Sun Dec 30, 2012 10:57 pm
Profile

Joined: Wed Dec 30, 2009 1:46 pm
Posts: 3213
Location: WA
Post Re: Dealing with Children who are in Denial
Yes! When I first told my stepson, a physician, about the diagnosis, he said, 'That sounds kind of fishy, to me!'. Fortunately, his wife, a neurosurgeon, communicated with my husband's neurologist and agreed with the diagnosis and could also see the symptoms [she was actually instrumental in getting him to a neuro in the first place after he had refused].

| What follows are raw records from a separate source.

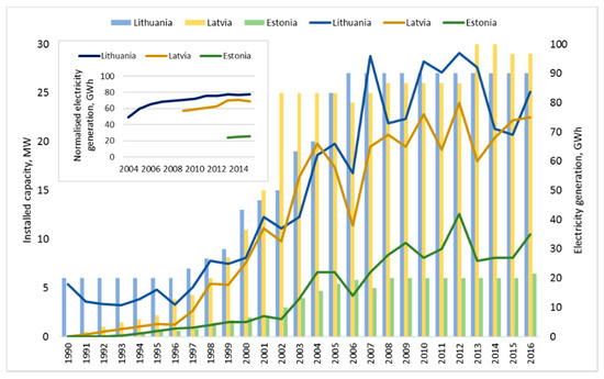 The installed capacity and electricity generation of small hydropower plants in the Baltic States for the period from 1990 to 2016.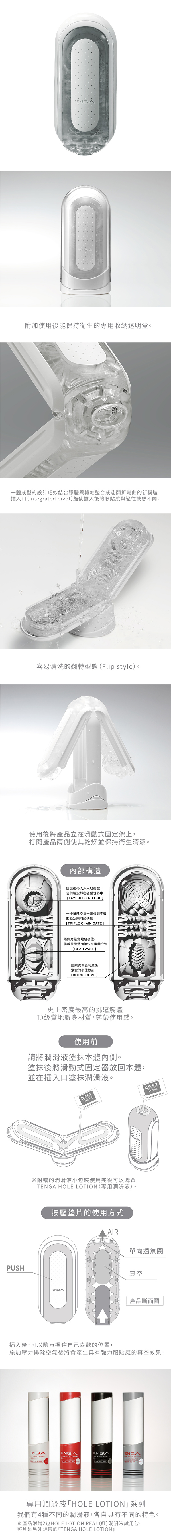 最新一代TENGA FLIP 0(ZERO)延續前幾代可重複使用性外,往兩側按壓來增加杯內真空吸引力的功能自然也保留的徹底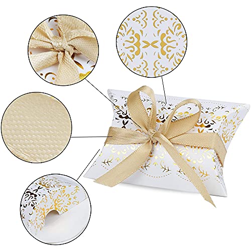 50 Pezzi Forma di Cuscino Scatole Bomboniere, Scatole per Cuscini in Carta Kraft, Scatola di Caramelle di Carta, Confezione Regalo Kraft, per Matrimonio, Festa di Compleanno, Natale (Oro)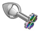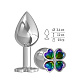 Средняя серебристая анальная втулка с клевером из радужных кристаллов - 8,5 см.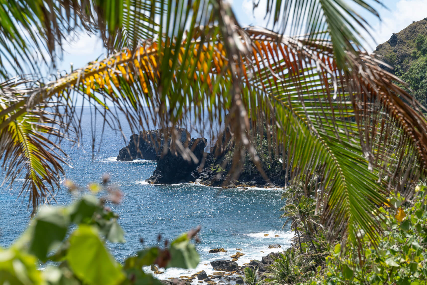 Blick auf die Bucht, in der das Wrack der HMS Bounty liegt.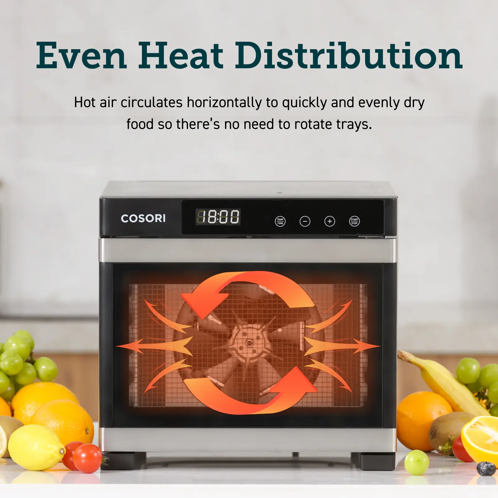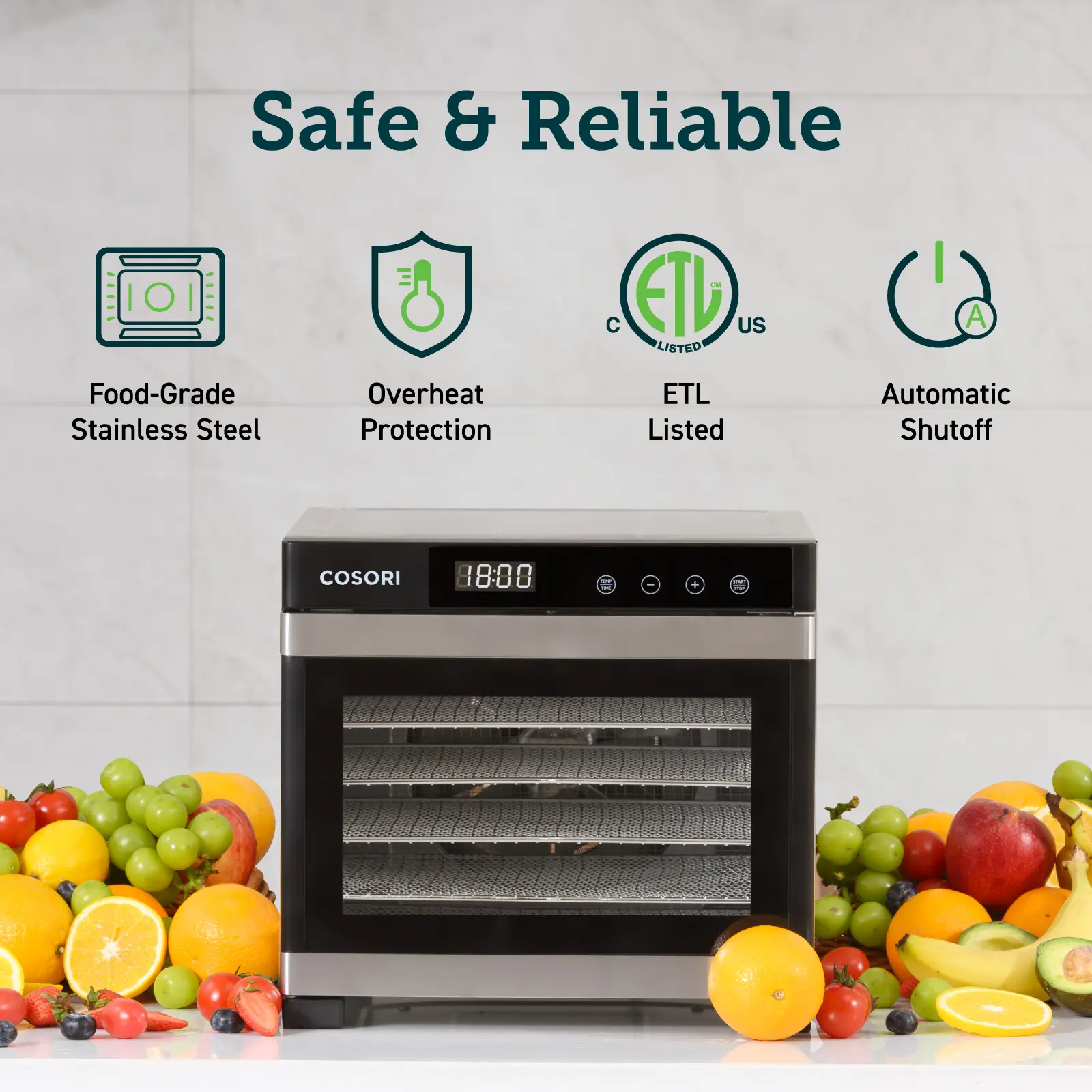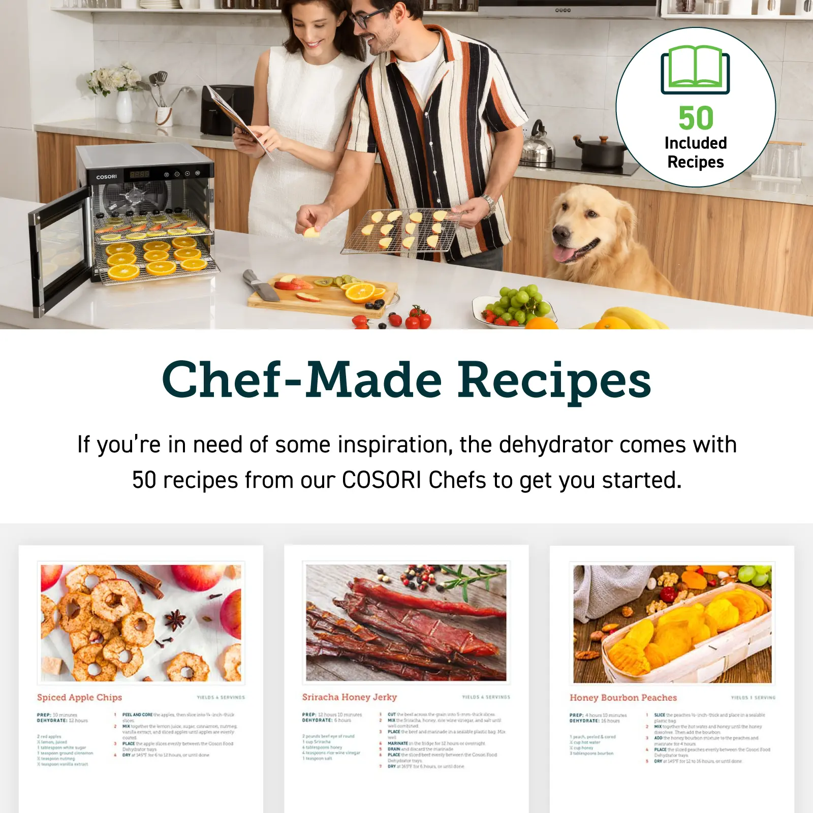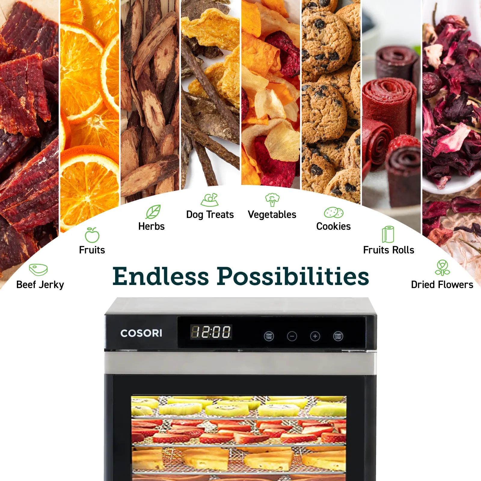 ·FULLY EQUIPPED: Comes with 6 dishwasher-safe trays, 1 mesh screen, 1 fruit roll sheet, 1 user manual, and a 50-recipe cookbook. Explore additional accessories by searching for 'COSORI Dehydrator Accessories', or 'C267-2MS', 'C267-2FR', 'C267-2ST'

I think his son was in denial because he didn't want to believe it could happen to his father and that--who knows?--it might happen to him some day. His older daughter, a former psychiatric nurse in the UK, was more accepting of the diagnosis and even researched information on LBD.

Unfortunately, his children haven't been very interested in his status or at all helpful in his care. But I have learned that you can't change other people and it's best just to ignore attitudes that are unhelpful and sometimes cruel. You are doing your best in a most difficult situation. Keep your chin up and keep on doing what you know to be best for your LO. God bless!

_________________
Pat [68] married to Derek [84] for 38 years; husband dx PDD/LBD 2005, probably began 2002 or earlier; late stage and in a SNF as of January 2011. Hospitalized 11/2/2013 and discharged to home Hospice. Passed away at home on 11/9/2013.


Sun Dec 30, 2012 11:32 pm
Profile

Joined: Sat Jan 03, 2009 2:59 pm
Posts: 1978
Post Re: Dealing with Children who are in Denial
Dear Patsy,

Oh wow, you hit a cord here, my children probably thought I was out of my mind when we were dealing with this as you say when they came he has great show time and I often thought when they my children left that they thought I was making it all up but I promise you your husband will NOT be able to keep this show time up and they will see it, when my husband passed and we had the funeral it amazed me how they all commented on how I cared for him so when they finally put it all together they realized how very difficult it had been for me and him !! So let time do its job for you and you now worry about the things at hand and mention to them there is a caregivers group for other family members, sadly I am not at my own computer right now dealing with a family matter but if you go back to the LBDA.org website look across the purple bar at the top and look for support and click there for the drop down menu. Good luck !

_________________
Irene Selak


Mon Dec 31, 2012 12:39 pm
Profile WWW

Joined: Sun Dec 02, 2012 8:57 pm
Posts: 20
Post Re: Dealing with Children who are in Denial
Thanks to both of you for those words that make me feel better about the situation. I did receive an apology from my daughter this morning by way of a text message. She said, "I am sorry I gave you a hard time. It's just so hard for me to accept it but I'm here for y'all". It just makes it so hard when she is here making comments like "the doctor doesn't know what she's doing" or "the meds are making him worse". Thank goodness he doesn't remember what she said later but at the time it makes him feel uneasy that the care he is receiving might not be good for him. Hope everyone has a Happy New Year!


Mon Dec 31, 2012 1:16 pm
Profile

Joined: Thu Apr 21, 2011 9:07 pm
Posts: 247
Post Re: Dealing with Children who are in Denial
Dear Patsy,
In our case, for some time it was my father who found my mother's diagnosis hard to accept and was suspicious of the medications. He knew there was something wrong, but he felt that if she would just try harder, or if the rest of us could figure out how to keep her mind active, she would not have so many problems. Then, when his efforts to get her to read, or to do a crossword puzzle, or to help him in the kitchen, came to the inevitable bad end, he would be frustrated and angry. It took a lot of time for the reality to sink in, as her symptoms worsened. And again, because he could see her both during "show time" when a friend or grandchild visited, or when she went to the doctor, and during the worst periods, he thought she just wasn't trying the rest of the time.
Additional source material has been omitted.